The work ethic has been a popular topic for public comment and for research in the social sciences. The work ethic is usually understood to embody the values, beliefs and principles an individual has in relation to work. Work is an important dimension of human experience. Governments and employers are particularly interested in increasing productivity and competitiveness in connection with work and the work ethic is perceived as an important catalyst in achieving these goals. The main point of reference for discussion about the work ethic in the past century has been Max Weber's Protestant ethic thesis. Weber's thesis has attracted much criticism over the years and contemporary writers have suggested that alternative conceptions of the work ethic do exist. Despite widespread agreement that this is the case, consensus has not yet been reached on how such conceptions should be defined or how they may manifest in an individual. The majority of research on the work ethic has been limited to the collection of quantitative data using one of several survey instruments that are available. Fewer studies have collected data on the work ethic using a qualitative approach and yet, this is exactly what is required to achieve progress in identifying the range of conceptions that may exist.

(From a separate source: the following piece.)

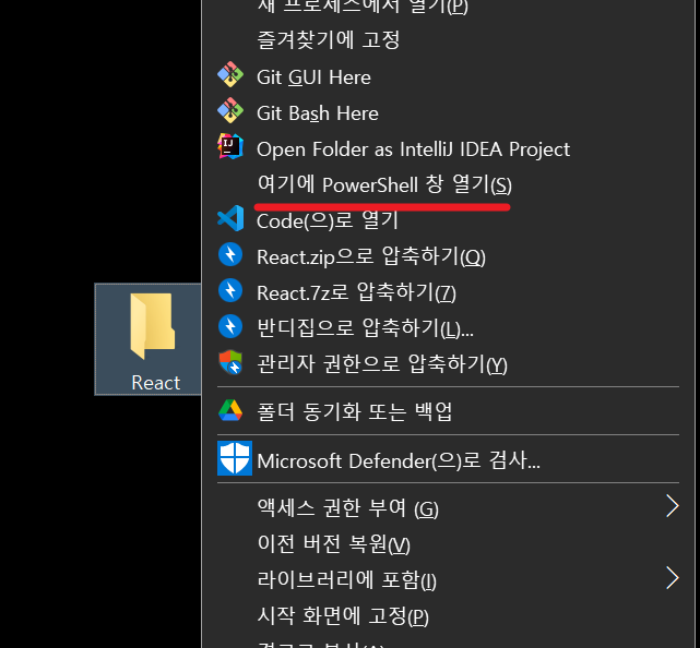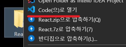 폴더를 우클릭하여 기존에 설치한 Vscode로 열기를 누르면

This study occurs in the context of teacher education and the work ethic has relevance to teachers and teacher educators for several reasons. Teachers, through the explicit and hidden curriculum they provide, have some responsibility for inculcating a work ethic in their students. It follows that it is important to understand the work ethic of teachers on this basis alone. A most logical starting place for accomplishing this task is during their career preparation. This study advocates explicit examination of preservice teachers' conceptions of the work ethic and exploration of how this might affect their career and curriculum decision making processes. This research is primarily intended to inform teacher educators who wish to pay attention to these things in their programs, along with researchers from other disciplines who are interested in the work ethic.

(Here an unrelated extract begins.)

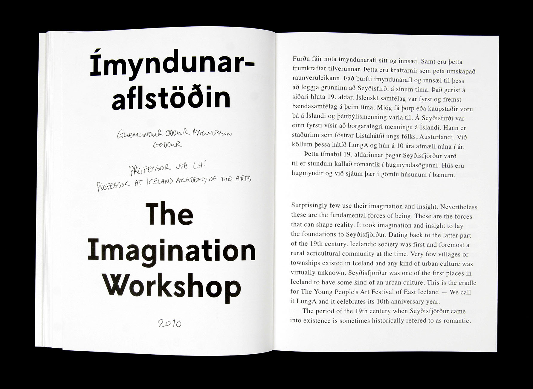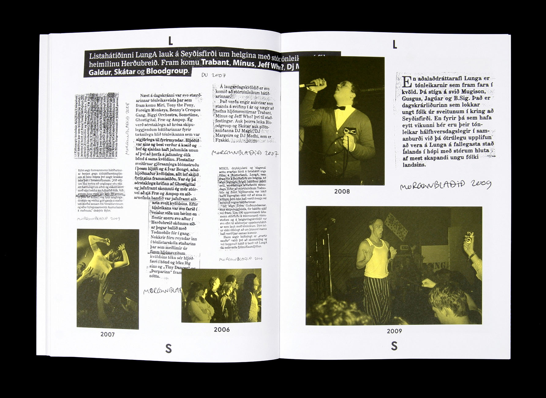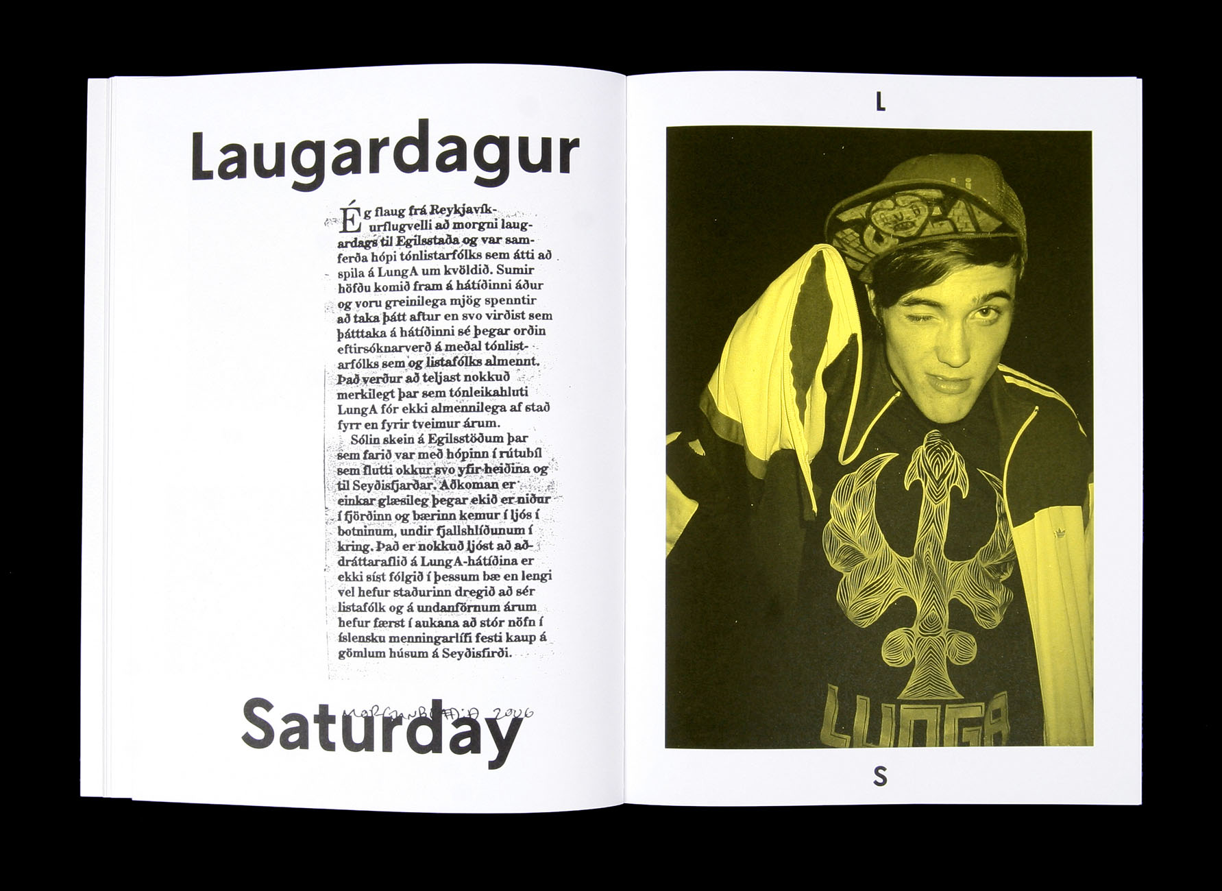 LungA 2000–2010 Contributed by Or Type on Sep 5th, 2017. Artwork published in 2010. License: All Rights Reserved. Design, concept and editing of a book on the occasion of the tenth anniversary of LungA, an art festival for young adults on the east coast of Iceland. The book was designed and edited in they same way as the festival unfolds, from Sunday to Sunday. License: All Rights Reserved. License: All Rights Reserved. License: All Rights Reserved. License: All Rights Reserved. License: All Rights Reserved. Typefaces More about L10Get L10More about TimesGet Times Formats Books (6600) Topics Event (3247) Music (6399) Art (4738) Performing Arts (1001) Designers/Agencies GUNMAD (9) Tagged withLungA (1)music festivals (344)workshops (138)yellow (404)yellow and black (477)handwriting (205)newspaper clippings (1)black and white (2033)center-aligned text (1929)Icelandic (language) (39)cultural festivals (135)anniversaries (362)first use (444)uses by the typeface’s designer (1284)book covers (5928)book interiors (3715)chapter openings (886) Artwork location Iceland (61) In SetsOriginal Use (Florian Hardwig) (341)cool (Karo Konieczna) (871)soulu (Karo Konieczna) (35)Unaffected (jipjam) (44)Times (Rodrigo) (10)Distinctive Sans (Lucas Bevilaqua) (167) Post a comment Name Email – will not be published Website Your response Submit Comment More L10 in use Babette book series, U Press2021Rikke VagnerContributed by Or Type Europarque2016PM DesignContributed by Or Type The Wire magazine, 2014–2018c. 2014Ben WeaverContributed by Or Type Staff Pick Sponsor More in Music Moondog & Moondog 2 album art1969Ron CoroTeresa AlfieriContributed by Stephen Coles Staff Pick Welcome2018Contributed by Matthijs Sluiter Włodzimierz Nahorny – Jej portret album art1971Marek KarewiczContributed by Florian Hardwig Klaus Schulze – Irrlicht1972Klaus SchulzeContributed by Matthijs Sluiter Staff Pick More in Books TIME: 85 Years of Great Writing2008Arthur HochsteinContributed by Jeremy Tankard Collection “Écrivains de Toujours”, Éditions du Seuilc. 1954unknownContributed by Florian Hardwig Staff Pick My Own Account2017Mother DesignContributed by Gareth Hague Do You Compute? book cover2019John ZabawaContributed by Ryan Mungia More Fonts In Use Rencontres Internationales de Genève 2021c. 2021Chris GautschiDennis Moya RazafimandimbyContributed by Dennis Moya Razafimandimby Staff Pick Tar Baby by Toni Morrison (Alfred A. Knopf)1981R.D. ScudellariContributed by Florian Hardwig Staff Pick Mary Arantes – As Preciosas Coisas Banais2017Gabriel FigueiredoContributed by Gabriel Figueiredo Staff Pick WESS Exhibition \ Publication 20252025Everyday PracticeJoonho KwonContributed by Gabriel Richter Staff Pick

Inspired by a pragmatic philosophy, this study utilised a mixed method research design to investigate the conceptions of the work ethic held by a group of preservice teachers studying in Brisbane, the capital city of the state of Queensland, Australia. Priority was given to the first phase of the research, which was to identify the qualitative conceptions of the work ethic held by the preservice teachers. The second quantitative phase was intended to complement and expand those findings by demonstrating that an established instrument in the measurement of work ethic could be used to profile conceptions of the work ethic held by an individual. The first phase of the research adopted a phenomenographic approach to identify nine conceptions of the work ethic held by a group of 22 preservice teachers. A courtship metaphor was used to characterise each of the nine conceptions which were labelled as Honeymoon, Monogamist, Serial Monogamist, Arranged Marriage, Celibate, Obsession, One-night Stand, Hedonist and Polyamorist. The second phase of the research used quantitative techniques involving factor analysis and linear modelling to link anonymous responses from 411 preservice teachers to the Occupational Work Ethic Inventory (OWEI) with the nine conceptions identified in the first phase of the research. It was found that the OWEI could be used to profile an individual's orientation to the work ethic conceptions that were defined.
This research responded to calls in the literature for a better understanding of the characteristics of the people who choose to become teachers. It also suggested ways in which teacher education could be improved to prepare preservice teachers better through socialisation practices and the university curriculum. This study confirms that there are qualitatively different conceptions of the work ethic that may provide an alternative to the traditional Weberian conception. A technique is proposed to associate OWEI responses with the model of nine work ethic conceptions. Suggestions are also made with respect to potential improvement of the OWEI.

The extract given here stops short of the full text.